Ainda assim, antes de passar a palavra
ao primeiro Presidente norte-americano em funções a discursar na UA, Zuma
lembrou os EUA do “erro histórico” que é a não-representação do continente
africano no grupo dos membros permanentes do Conselho de Segurança da ONU,
comentário que mereceu fortes aplausos da assistência, composta por líderes
africanos e jovens representantes da sociedade civil.
Muito se esperava do discurso de Obama,
nomeadamente uma palavra crítica em relação às violações de direitos humanos e
às práticas anti-democráticas, reconhecidas e criticadas por vários governos e
ONG, que se verificam em alguns países africanos. O Presidente norte-americano
tinha sido comedido no dia anterior, na conferência de imprensa com o primeiro-ministro etíope,
e foi mesmo criticado por activistas locais, por se ter referido ao Governo da
Etiópia como “democraticamente eleito” – o partido no poder obteve, em Maio, a
totalidade dos lugares no parlamento nacional.
Barack Obama começou por apelar à
necessidade de largar os “antigos estereótipos” que vêem África como um
continente “pobre e em guerra”, lembrando que a economia africana está em
“grande crescimento” e que é necessário investir nas gerações futuras. Para o
Presidente dos EUA, o grande entrave ao progresso económico dos países
africanos continua a ser aquilo a que chama o “cancro da corrupção”.
Após um período inicial, no qual foi
conquistando aplausos e a confiança dos membros da assistência, Obama acabou
por tocar, finalmente, nas questões mais sensíveis. Para o chefe de Estado
norte-americano as mais básicas liberdades – “expressão”, “reunião”,
“consciência” – ainda “são negadas em vários países africanos”, principalmente
por aqueles que “não aceitam largar o poder” e que “prendem jornalistas” ou
“restringem grupos de oposição legítimos”.

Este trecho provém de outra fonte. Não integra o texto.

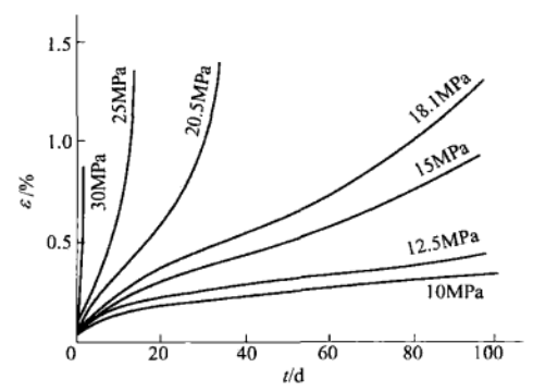 不同应力条件下岩石的蠕变曲线并不相同,如右图:

“O progresso democrático de África está
(…) em risco quando líderes se recusam a afastar quando o seu mandato acaba”,
alertou Obama, criticando directamente o Presidente do Burundi, Pierre Nkurunziza, e aqueles que
“mudam as regras a meio do jogo, apenas para se manterem nos cargos”, criando
“instabilidade e violência” e não deixando que “apareçam novas ideias”.
“Deixem-me ser honesto
convosco, [porque] não compreendo mesmo isto”, confessou Obama. “Eu estou no
meu segundo mandato… Adoro o meu trabalho, mas segundo a nossa Constituição,
não posso concorrer outra vez. Sinceramente acho que sou um Presidente bastante
bom e (…) que, se concorresse, venceria de novo, mas não posso”, acrescentou,
motivando sonoras gargalhadas do público.
Para Obama, ainda há muito “trabalho a
fazer”, uma vez que “não basta haver eleições formais”, para ser atingida uma
“plena democracia”. O Presidente dos Estados Unidos apelou ao “respeito pela
dignidade e igualdade”, como mecanismo de “emancipação para a liberdade”.
E referiu ainda que um dos primeiros passos para a democratização efectiva do
continente passa por “acabar”, de vez, com a “discriminação das mulheres”.
O líder norte-americano anunciou também
que, após uma reunião com os líderes regionais da África Oriental, a data
definida para o alcance de um acordo de paz, por parte das facções em disputa
no Sudão do Sul, será 17 de Agosto. A segurança foi um dos temas mais falados
durante o roteiro de Obama pelo Quénia e a Etiópia e este quis deixar bem
claro, no discurso perante a AU, que os EUA vão “reforçar a cooperação” com as
forças militares locais, principalmente no combate aos grupos extremistas
“assassinos” do Boko Haram, Al-Qaeda e Al-Shabab.